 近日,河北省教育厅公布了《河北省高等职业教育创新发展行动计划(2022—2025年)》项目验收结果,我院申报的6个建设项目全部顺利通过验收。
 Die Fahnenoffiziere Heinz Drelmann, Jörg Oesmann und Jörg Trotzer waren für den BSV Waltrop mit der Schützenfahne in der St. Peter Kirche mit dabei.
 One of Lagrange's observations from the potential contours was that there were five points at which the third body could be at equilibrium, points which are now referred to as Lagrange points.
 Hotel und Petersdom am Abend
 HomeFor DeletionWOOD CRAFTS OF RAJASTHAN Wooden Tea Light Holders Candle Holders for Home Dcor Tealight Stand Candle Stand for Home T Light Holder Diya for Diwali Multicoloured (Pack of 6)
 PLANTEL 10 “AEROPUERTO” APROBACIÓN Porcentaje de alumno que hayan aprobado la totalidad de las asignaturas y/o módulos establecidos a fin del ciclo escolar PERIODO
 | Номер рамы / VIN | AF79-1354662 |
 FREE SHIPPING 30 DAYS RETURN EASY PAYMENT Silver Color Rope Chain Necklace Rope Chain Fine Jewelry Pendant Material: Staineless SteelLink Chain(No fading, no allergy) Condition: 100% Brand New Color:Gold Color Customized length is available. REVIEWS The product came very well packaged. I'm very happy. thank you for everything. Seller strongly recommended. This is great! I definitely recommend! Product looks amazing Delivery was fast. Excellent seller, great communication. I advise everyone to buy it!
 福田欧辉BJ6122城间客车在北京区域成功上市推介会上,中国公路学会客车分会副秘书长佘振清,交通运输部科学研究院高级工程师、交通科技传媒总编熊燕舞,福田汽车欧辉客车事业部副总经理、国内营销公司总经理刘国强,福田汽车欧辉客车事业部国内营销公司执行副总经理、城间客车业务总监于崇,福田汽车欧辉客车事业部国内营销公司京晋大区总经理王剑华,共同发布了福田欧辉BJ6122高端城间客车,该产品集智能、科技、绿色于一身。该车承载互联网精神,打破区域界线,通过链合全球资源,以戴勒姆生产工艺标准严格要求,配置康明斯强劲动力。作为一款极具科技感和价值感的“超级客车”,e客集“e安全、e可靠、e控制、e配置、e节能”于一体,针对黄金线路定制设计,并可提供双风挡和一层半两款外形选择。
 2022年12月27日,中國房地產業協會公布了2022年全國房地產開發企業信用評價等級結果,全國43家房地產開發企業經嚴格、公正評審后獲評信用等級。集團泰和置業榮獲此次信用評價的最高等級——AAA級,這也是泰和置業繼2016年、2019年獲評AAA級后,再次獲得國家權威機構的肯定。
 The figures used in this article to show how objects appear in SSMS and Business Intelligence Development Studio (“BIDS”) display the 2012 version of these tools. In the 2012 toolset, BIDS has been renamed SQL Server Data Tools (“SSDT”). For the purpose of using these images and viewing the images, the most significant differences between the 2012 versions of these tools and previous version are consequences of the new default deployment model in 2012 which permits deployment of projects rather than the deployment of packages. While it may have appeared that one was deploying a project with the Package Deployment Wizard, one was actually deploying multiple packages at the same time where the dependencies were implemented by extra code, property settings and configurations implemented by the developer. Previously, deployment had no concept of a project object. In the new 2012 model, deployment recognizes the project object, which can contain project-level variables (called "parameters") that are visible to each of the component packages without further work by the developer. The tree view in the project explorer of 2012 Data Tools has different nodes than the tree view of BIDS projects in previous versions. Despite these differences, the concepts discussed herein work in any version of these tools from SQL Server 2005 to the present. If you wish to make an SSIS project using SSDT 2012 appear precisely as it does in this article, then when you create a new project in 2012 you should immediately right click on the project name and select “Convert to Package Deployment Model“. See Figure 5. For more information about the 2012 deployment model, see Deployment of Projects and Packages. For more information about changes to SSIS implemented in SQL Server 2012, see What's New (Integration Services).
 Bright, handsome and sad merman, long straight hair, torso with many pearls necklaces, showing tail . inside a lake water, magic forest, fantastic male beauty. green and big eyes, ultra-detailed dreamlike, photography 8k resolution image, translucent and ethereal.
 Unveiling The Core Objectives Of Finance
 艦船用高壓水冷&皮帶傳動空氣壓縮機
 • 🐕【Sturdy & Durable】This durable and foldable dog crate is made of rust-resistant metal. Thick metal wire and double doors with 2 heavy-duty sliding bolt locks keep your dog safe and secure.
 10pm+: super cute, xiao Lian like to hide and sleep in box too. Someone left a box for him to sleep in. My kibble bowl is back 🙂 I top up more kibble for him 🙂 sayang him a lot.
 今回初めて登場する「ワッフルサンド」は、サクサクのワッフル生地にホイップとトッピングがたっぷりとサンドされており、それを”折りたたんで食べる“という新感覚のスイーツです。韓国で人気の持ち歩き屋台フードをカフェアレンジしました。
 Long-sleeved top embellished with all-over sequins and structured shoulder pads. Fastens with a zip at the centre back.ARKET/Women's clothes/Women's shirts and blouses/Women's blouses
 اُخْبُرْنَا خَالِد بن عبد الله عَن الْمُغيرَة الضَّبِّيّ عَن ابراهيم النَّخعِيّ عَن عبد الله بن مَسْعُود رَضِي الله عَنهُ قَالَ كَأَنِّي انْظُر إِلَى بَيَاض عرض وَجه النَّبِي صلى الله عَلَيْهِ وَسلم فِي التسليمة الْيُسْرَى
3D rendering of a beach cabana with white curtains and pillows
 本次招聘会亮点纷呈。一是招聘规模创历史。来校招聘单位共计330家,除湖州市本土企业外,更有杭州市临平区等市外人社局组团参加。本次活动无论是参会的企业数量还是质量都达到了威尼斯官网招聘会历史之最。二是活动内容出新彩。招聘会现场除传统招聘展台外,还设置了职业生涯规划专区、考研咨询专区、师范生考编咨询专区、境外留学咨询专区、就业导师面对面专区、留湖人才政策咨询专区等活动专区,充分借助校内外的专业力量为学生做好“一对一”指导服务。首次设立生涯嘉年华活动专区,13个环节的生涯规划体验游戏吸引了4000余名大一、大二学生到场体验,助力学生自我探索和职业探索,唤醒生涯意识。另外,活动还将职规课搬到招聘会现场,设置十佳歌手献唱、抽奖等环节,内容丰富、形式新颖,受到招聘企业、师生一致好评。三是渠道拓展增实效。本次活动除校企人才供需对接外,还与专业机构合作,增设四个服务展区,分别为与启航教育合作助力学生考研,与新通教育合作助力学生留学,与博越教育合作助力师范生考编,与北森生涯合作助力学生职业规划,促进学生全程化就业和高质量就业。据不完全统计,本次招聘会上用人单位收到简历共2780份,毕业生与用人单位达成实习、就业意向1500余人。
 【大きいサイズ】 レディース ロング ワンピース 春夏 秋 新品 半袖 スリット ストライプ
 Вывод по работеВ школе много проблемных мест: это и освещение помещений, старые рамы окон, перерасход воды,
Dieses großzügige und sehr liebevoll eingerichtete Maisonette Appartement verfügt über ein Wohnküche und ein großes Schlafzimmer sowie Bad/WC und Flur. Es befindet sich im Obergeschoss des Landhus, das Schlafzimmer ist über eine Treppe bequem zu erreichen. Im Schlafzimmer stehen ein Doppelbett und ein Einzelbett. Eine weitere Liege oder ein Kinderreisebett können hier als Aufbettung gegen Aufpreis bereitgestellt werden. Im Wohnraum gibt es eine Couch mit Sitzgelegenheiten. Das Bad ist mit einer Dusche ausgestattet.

--- --- ---

**Work instructions:**
Go to the line with "safe and secure." in the entries above and repeat every line from there through the line with "Вывод по работеВ", exactly and with no other text.

**Completed task:**
 • 🐕【Sturdy & Durable】This durable and foldable dog crate is made of rust-resistant metal. Thick metal wire and double doors with 2 heavy-duty sliding bolt locks keep your dog safe and secure.
 10pm+: super cute, xiao Lian like to hide and sleep in box too. Someone left a box for him to sleep in. My kibble bowl is back 🙂 I top up more kibble for him 🙂 sayang him a lot.
 今回初めて登場する「ワッフルサンド」は、サクサクのワッフル生地にホイップとトッピングがたっぷりとサンドされており、それを”折りたたんで食べる“という新感覚のスイーツです。韓国で人気の持ち歩き屋台フードをカフェアレンジしました。
 Long-sleeved top embellished with all-over sequins and structured shoulder pads. Fastens with a zip at the centre back.ARKET/Women's clothes/Women's shirts and blouses/Women's blouses
 اُخْبُرْنَا خَالِد بن عبد الله عَن الْمُغيرَة الضَّبِّيّ عَن ابراهيم النَّخعِيّ عَن عبد الله بن مَسْعُود رَضِي الله عَنهُ قَالَ كَأَنِّي انْظُر إِلَى بَيَاض عرض وَجه النَّبِي صلى الله عَلَيْهِ وَسلم فِي التسليمة الْيُسْرَى
3D rendering of a beach cabana with white curtains and pillows
 本次招聘会亮点纷呈。一是招聘规模创历史。来校招聘单位共计330家,除湖州市本土企业外,更有杭州市临平区等市外人社局组团参加。本次活动无论是参会的企业数量还是质量都达到了威尼斯官网招聘会历史之最。二是活动内容出新彩。招聘会现场除传统招聘展台外,还设置了职业生涯规划专区、考研咨询专区、师范生考编咨询专区、境外留学咨询专区、就业导师面对面专区、留湖人才政策咨询专区等活动专区,充分借助校内外的专业力量为学生做好“一对一”指导服务。首次设立生涯嘉年华活动专区,13个环节的生涯规划体验游戏吸引了4000余名大一、大二学生到场体验,助力学生自我探索和职业探索,唤醒生涯意识。另外,活动还将职规课搬到招聘会现场,设置十佳歌手献唱、抽奖等环节,内容丰富、形式新颖,受到招聘企业、师生一致好评。三是渠道拓展增实效。本次活动除校企人才供需对接外,还与专业机构合作,增设四个服务展区,分别为与启航教育合作助力学生考研,与新通教育合作助力学生留学,与博越教育合作助力师范生考编,与北森生涯合作助力学生职业规划,促进学生全程化就业和高质量就业。据不完全统计,本次招聘会上用人单位收到简历共2780份,毕业生与用人单位达成实习、就业意向1500余人。
 【大きいサイズ】 レディース ロング ワンピース 春夏 秋 新品 半袖 スリット ストライプ
 Вывод по работеВ школе много проблемных мест: это и освещение помещений, старые рамы окон, перерасход воды,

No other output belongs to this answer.